Hardiness: USDA 6b – 9b

Family: Caprifoliaceae

Lonicera nitida ‘Baggesen’s Gold’ is a small dense, fast growing evergreen shrub with a bushy growth habit. The glossy leaves of the plant are ovate in shape, are 6 -16mm long and yellow in color. The leaves are bright yellow in summer fading to yellow/ green in winter. The flowers are creamy white, fragrant, 6mm long and they grow in pairs, they are two lipped flowers, often very fragrant. The fruit is an inedible, bluish/ purple berry about 6mm in diameter. The stems of the plant are layered one on top of the other giving the appearance of a haystack. 

Lonicera nitida ‘Baggesen’s Gold’ is commonly known as Shrubby honeysuckle, Boxleaf Honeysuckle or Wilson’s Honeyscukle. This species, Lonicera nitida, is native to south west China. It grows in scrub form along streams at 1200 to 3000m. This plant is often used as a bonsai. The common name Wilson’s Honeysuckle was named after the celebrated plant hunter Ernest Henry Wilson, the first European to find it. L. nitida has been introduced into Western cultivation twice. The first clone, which arrived in 1908 never flowers, but the second available since 1939 flowers freely. L. nitida ‘Baggesen’s Gold’ was introduced by J.H. Baggesen of Kent, England, in 1967.

The etymological root of the binomial name Lonicera is named after a German naturalist, Adam Lonitzer, of the 16th century. Nitida is derived from the Latin nitidus ’shining’ or ‘bright’, referring to the leaves.

Lonicera nitida 'Baggesens Gold' (03/12/2011, London)

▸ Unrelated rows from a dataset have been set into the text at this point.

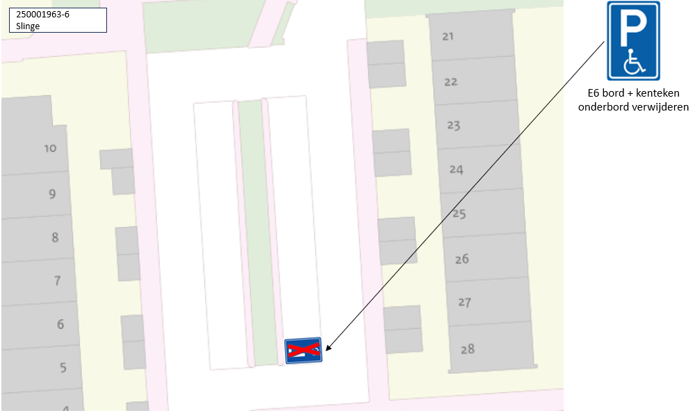 250001963-6 Opheffen op kenteken gereserveerde gehandicaptenparkeerplaats locatie Slinge te Lelystad door het verwijderen van het bord E6 (gehandicaptenparkeerplaats) van bijlage 1 van het Reglement verkeersregels en verkeerstekens 1990 en het verwijderen van het kentekenonderbord.
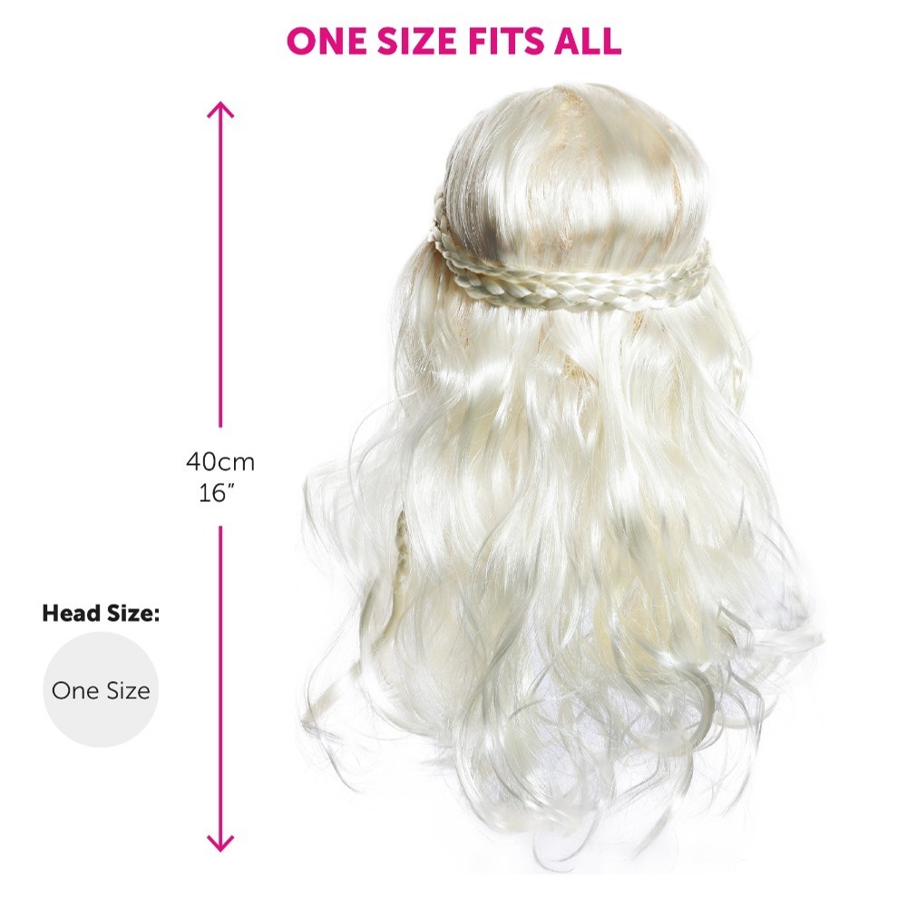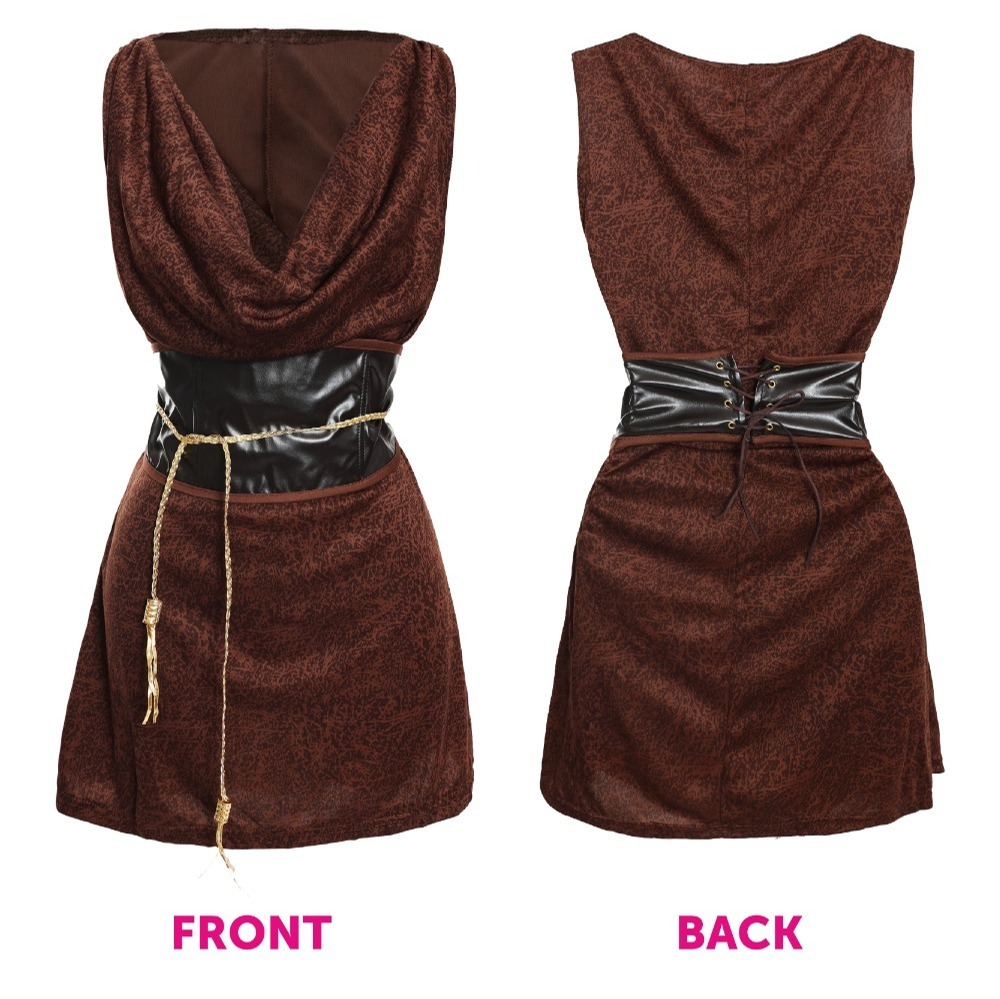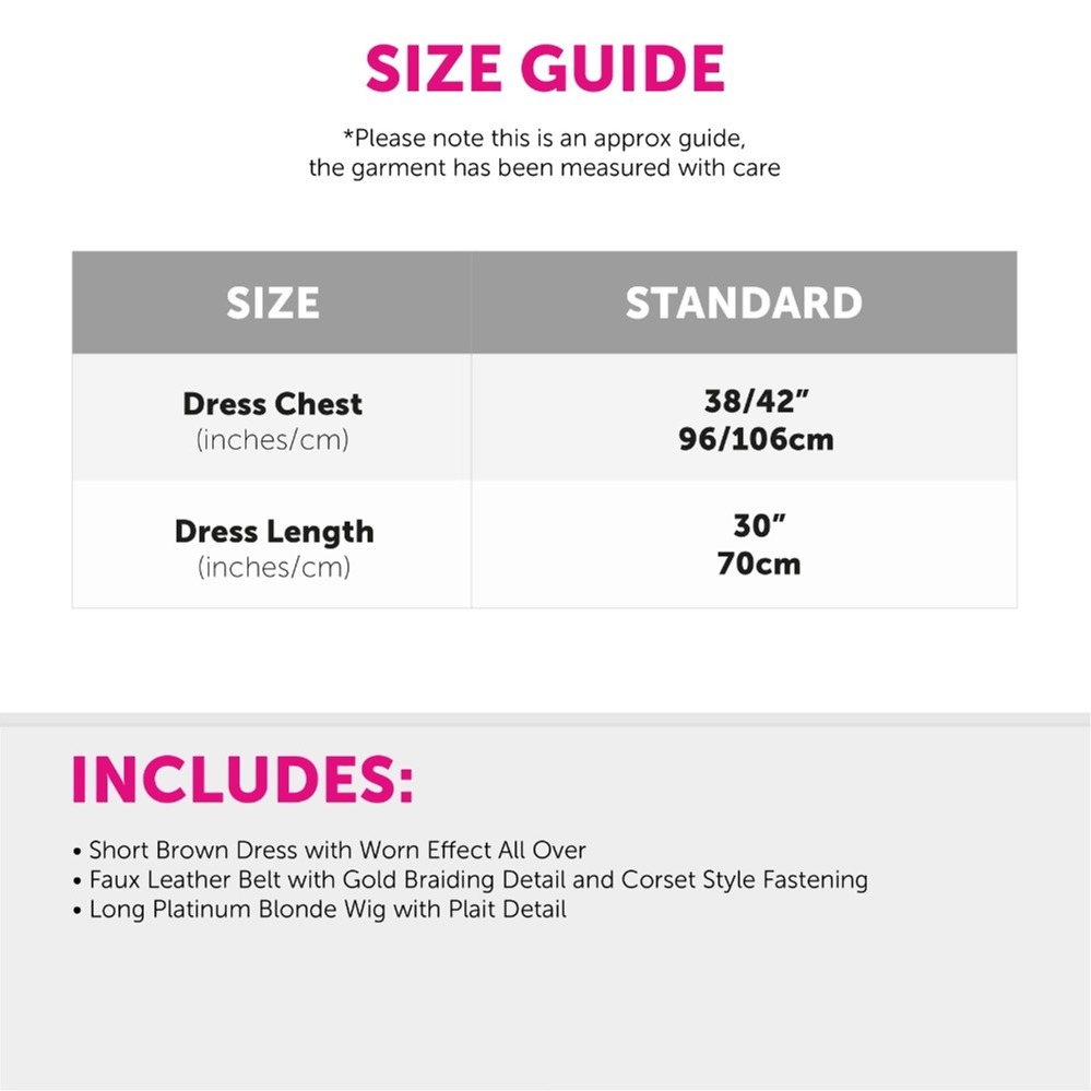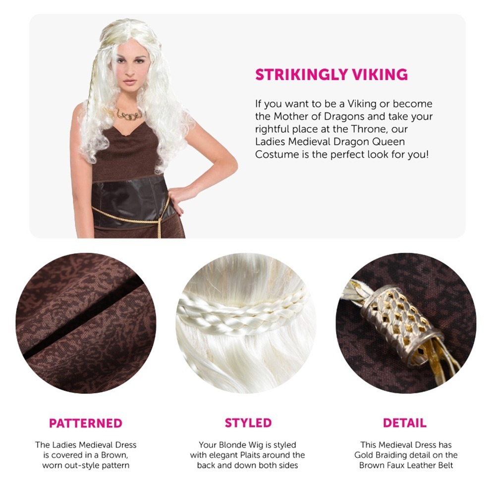 COSTUME DETAILS: Your Ladies Medieval Dragon Queen Costume includes a beautifully wavy, Long Blonde Wig with a delicate Plaited style on top and down both sides and a loose fitting, short Brown Dress with a rough, worn effect all over, a Faux Leather Belt with Corset style fastening and Gold Braiding detail!
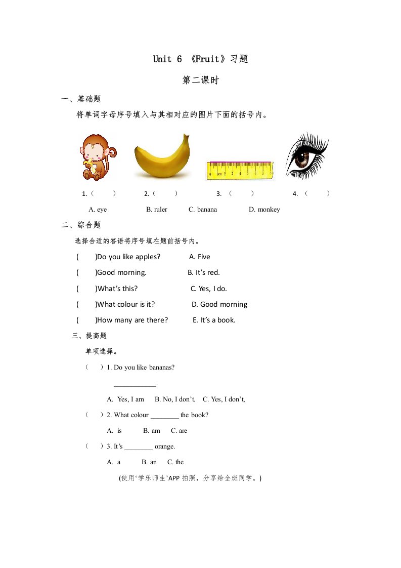 当前位置: 首页小学资源小学一年级正文 一年级英语上册Unit6习题第2课时(人教一起点)_共2页 小学一年级 2 周前 0 0 5 以上为部分内容预览,如需源文档请登录您的会员账号进行下载! 声明:本站所有文章,如无特殊说明或标注,均为本站原创发布。任何个人或组织,在未征得本站同意时,禁止复制、盗用、采集、发布本站内容到任何网站、书籍等各类媒体平台。如若本站内容侵犯了原著者的合法权益,可联系我们进行处理。 尚学资源永久会员 打赏 收藏 海报 链接
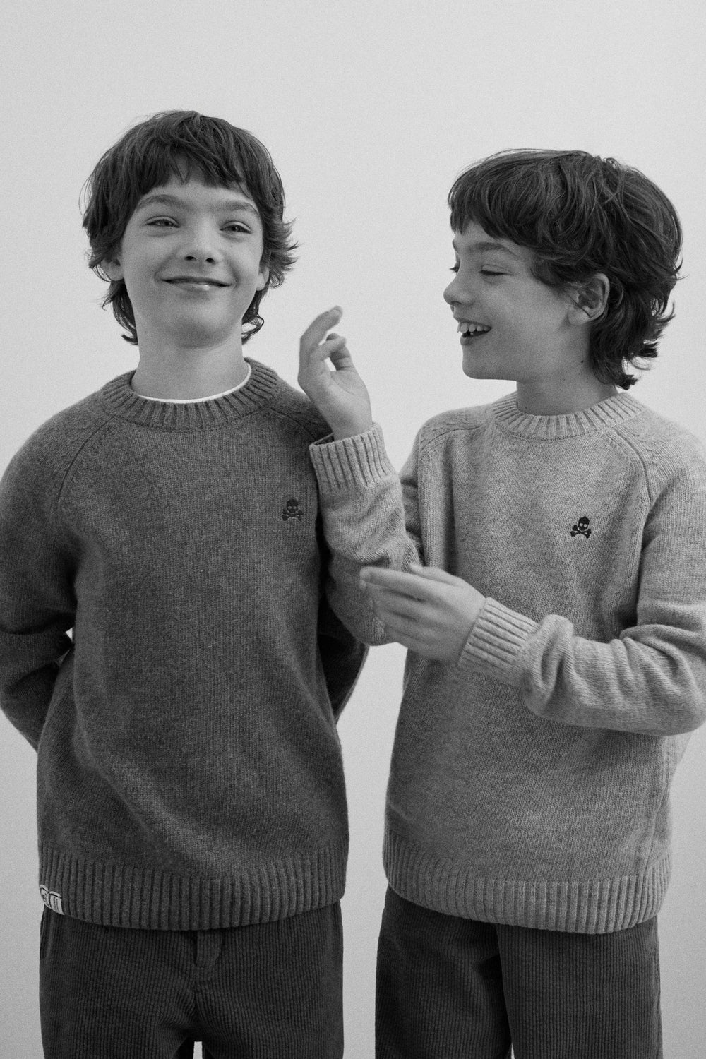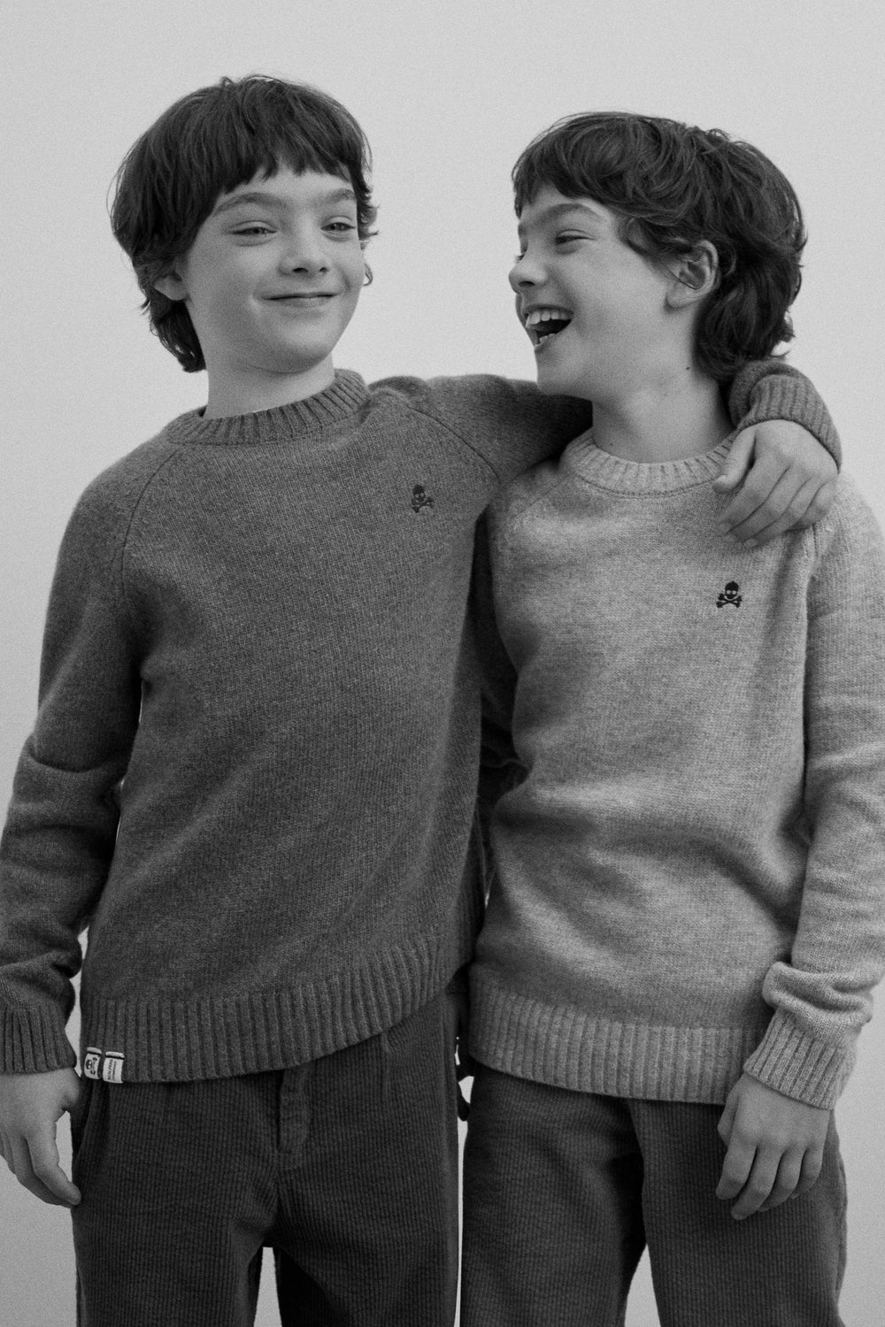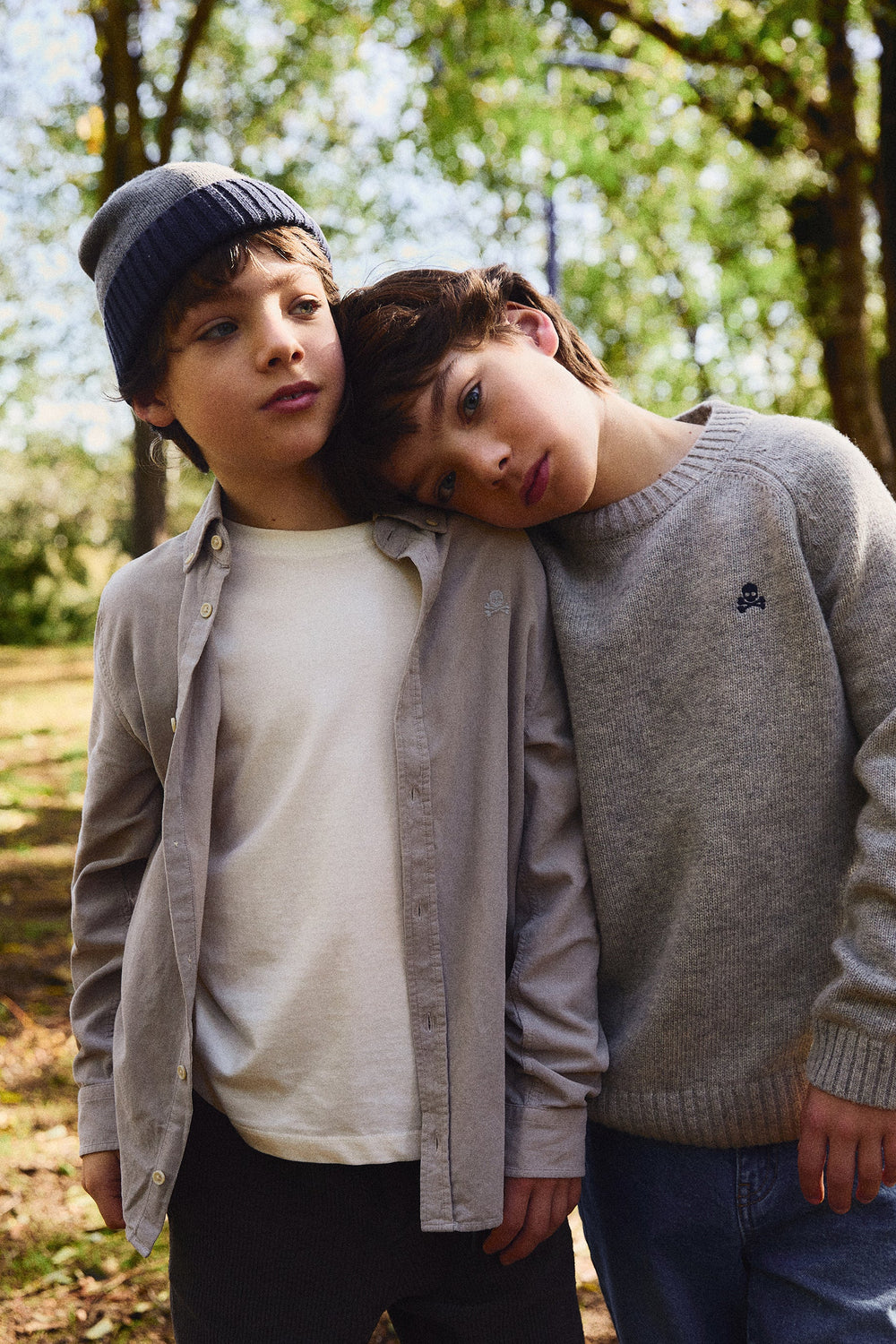 Trui met lange mouwen. Ronde hals. Regular fit. Ribboorden. Geborduurd logo op de voorkant
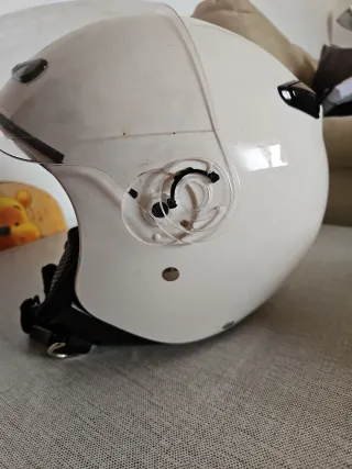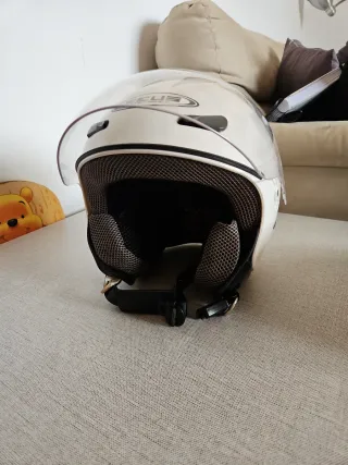 Casco de la marca Zeus, talla S con circunferencia de 55cm. Tiene una parte de la visera rota (se ve en la foto), facil arreglable. Funciona igualmente. - Color blanco. - Visera transparente. - Cierre de seguridad. Precio negociable.

Lonicera nitida 'Baggesens Gold' (03/12/2011, London)

The landscape architect may find Lonicera nitida ‘Baggesen’s Gold’ useful as a robust ground cover plant and is particularly useful when planted en mass when low maintenance is required. It may be used as a dense hedging plant. It is drought tolerant once established and will tolerate maritime conditions.

Ecologically, this plant attracts birds for its fruit and small birds use its dense habit for nesting. Insects to pollinate its flowers.

The Royal Horticultural Society has given L.nitida ‘Baggesens Gold’ their it prestigious award of Garden Merit in 1993.

L.nitida ‘Baggesens Gold’ prefers most fertile well drained soils. It will tolerate most pH of soils, including chalky.

Maintenance: This plant requires little maintenance. If maintained as a hedge, it should be clipped three times a year to maintain its shape.